MOVING FROM STILLS TO VIDEO
The CMOS sensor in a DSLR is big, low-noise, and sensitive to light, making it ideal to shoot video with the vast range of reasonably-priced lenses available for the professional and photo enthusiast. A DSLR lens with its aperture wide-open produces rich, clean images with the shallow depth-of-field that is associated with big-sensor professional video cameras and 35mm film cinematography, so why not up the image capture rate from a few per second in burst mode to 24, 25 or 30 frames per second, and capture beautiful video? That’s exactly what Nikon did with the D90 in 2008, Canon responded with EOS 5D MkII, and everyone else has since followed.
Of course, it’s not exactly that simple. No single lens reflex system is designed to swing the viewfinder mirror in and out of the light path more than 20 times per second, so there goes one of the main advantages of the DSLR: the ability to see exactly what you’re framing and how you’re focussed. Instead you have to rely on the live feed from the sensor to the small, relatively low-resolution and low-contrast LCD panel on the back of the camera.
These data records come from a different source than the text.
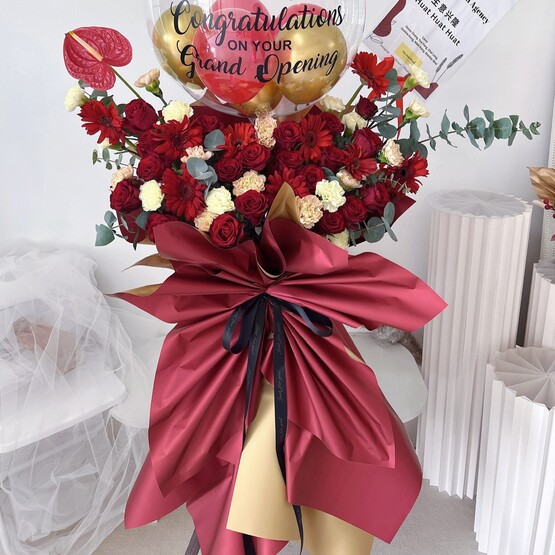Fresh flower -  Rose, carnation, gerbera, anthurium and eucalyptus. | 18 inch Balloon | Flower wood stand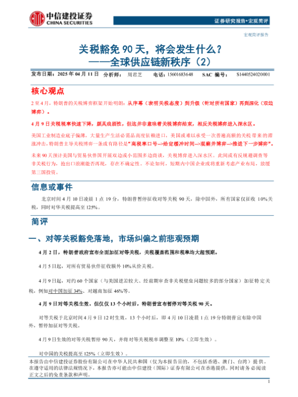 【中信建投证券】【20250411】全球供应链新秩序(2):关税豁免90天,将会发生什么?-12页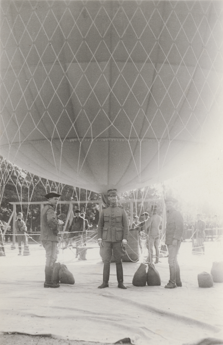 Kapten Yngve Stiernspetz står under en fylld ballong, nedtyngd av sandsäckar, på läroverkets gård i Jönköping.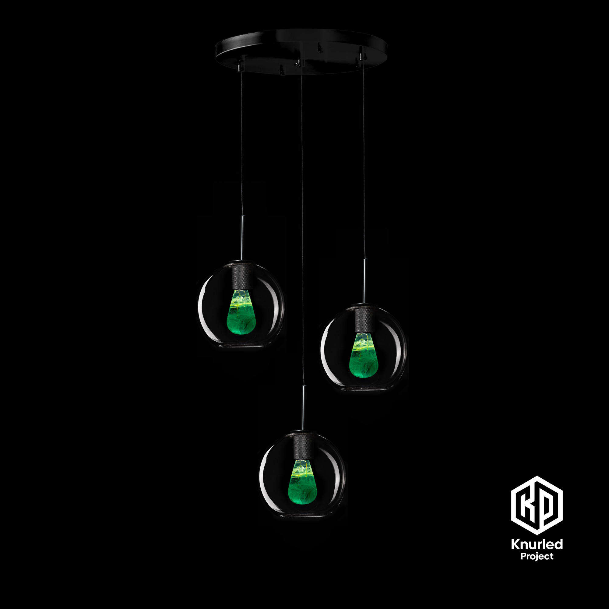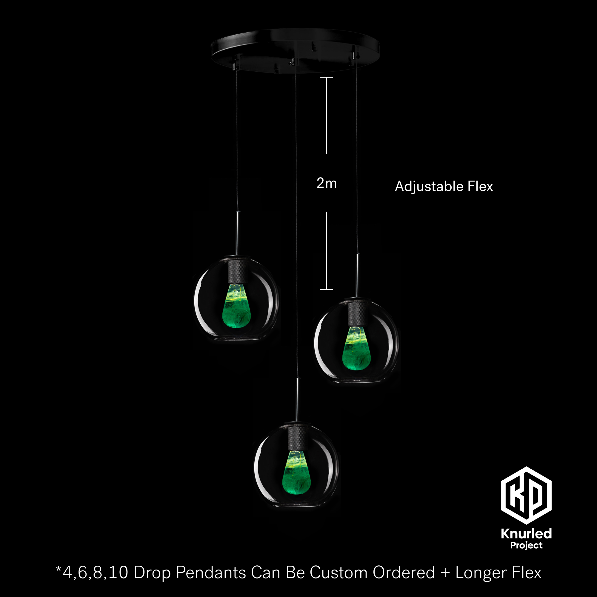 Matte Black 3 Drop + Cryptonite Mood Bulbs + Globe Shade

The usual response to this problem is to get hold of an external electronic viewfinder (EVF) – a sharp full-resolution monitor that lets you see what you’re actually capturing.
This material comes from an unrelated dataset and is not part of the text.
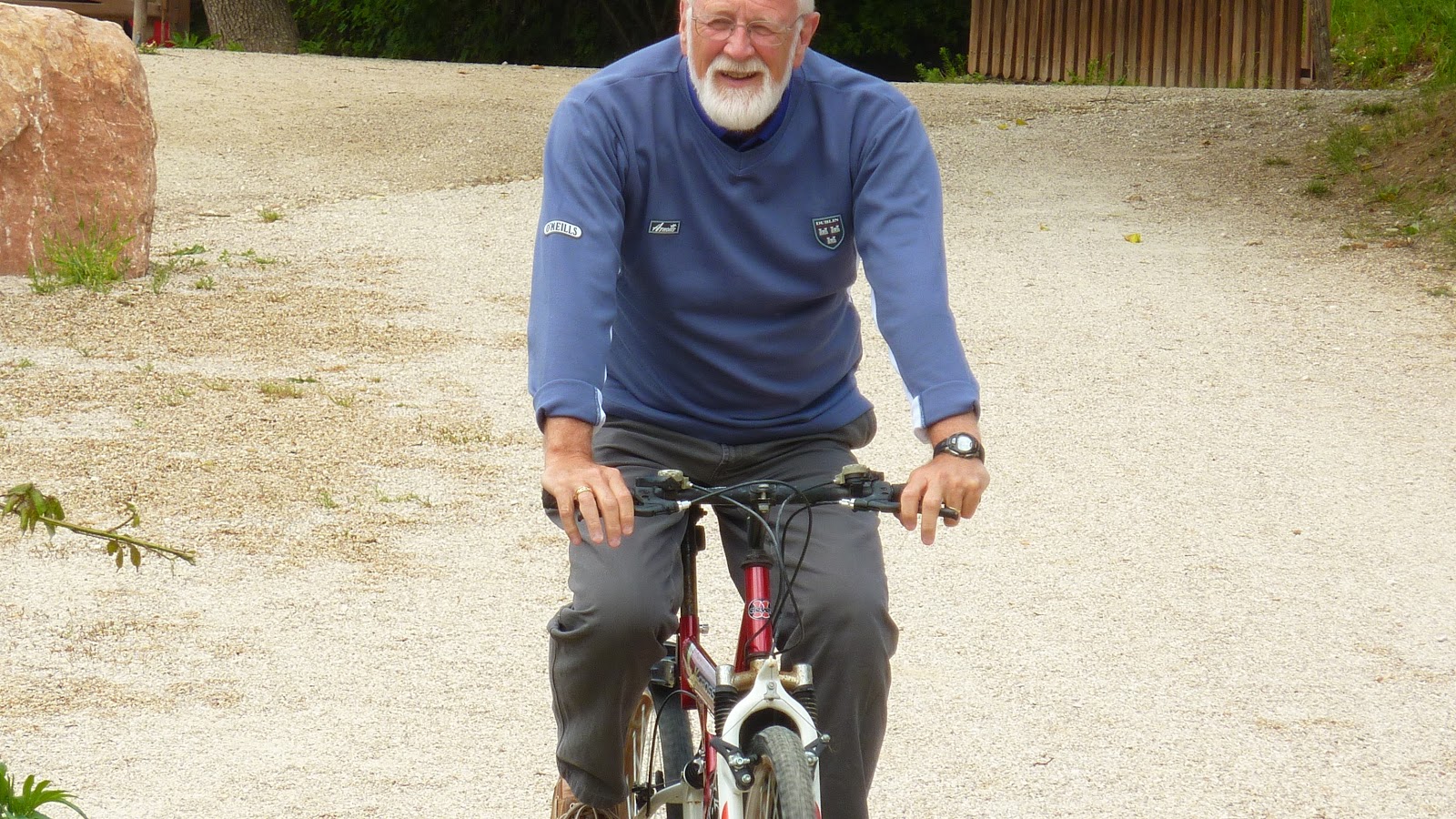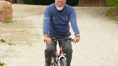 | So Paul can say he rode through Italy... it was only in the parking lot, but he's on a bike. |

As the focus and exposure sensors are usually in the viewfinder’s light path, you’ve also just lost your autofocus and auto exposure functions. More recent DSLRs are using information from the image sensor to derive focus and exposure information but even so, the mechanical focus and exposure hunting that are typical, and perfectly acceptable, in stills photography look pretty ugly in a moving image, so you’re probably better off using manual control. Besides, the noise made by the servo motors is likely to end up on your sound track if you’re brave enough to use the built-in omnidirectional microphone. The usual responses to these problems are firstly to fit easy-to-reach and smooth-operating external focus and external aperture control rigs, and also to use external microphones to pick up the sound from an acoustic perspective that matches your images. You may also to need to add a focus puller, an iris puller, a boom swinger and a sound recordist to your crew.
ROCKIN’, ROLLIN’, RIDIN’
When objects in your image are moving and your CMOS image sensor is being read sequentially, one row at a time, there is ample opportunity for parts of an object to be in different places on different rows of the image. The effect is to produce stretched and distorted images of fast moving objects. Known as the ‘rolling shutter effect’ these distortions can be reduced by not panning quickly within a shot and by minimising the amount of cross-frame movement in the shot.
Then of course you’ve got a device that was carefully-designed for quick individual shots, but now you’ve got to hold it in-focus and properly framed, for substantial periods of time whilst also following the action. And then there are all the devices like matte boxes, flags, external viewfinders, zoom, focus and aperture remotes, audio mixers and external data recorders hanging off it. You’ll probably need a mounting system to hang everything on, and even if you have a tripod beefy enough to carry the weight, you’ll need to add a decent head that will allow you to pan and tilt smoothly under load.
Carefully used, the video DSLR can be a very powerful creative tool, but if you’re going to take that dragster out for a few hot laps of the grand prix circuit, you really will have to learn a different way to drive it.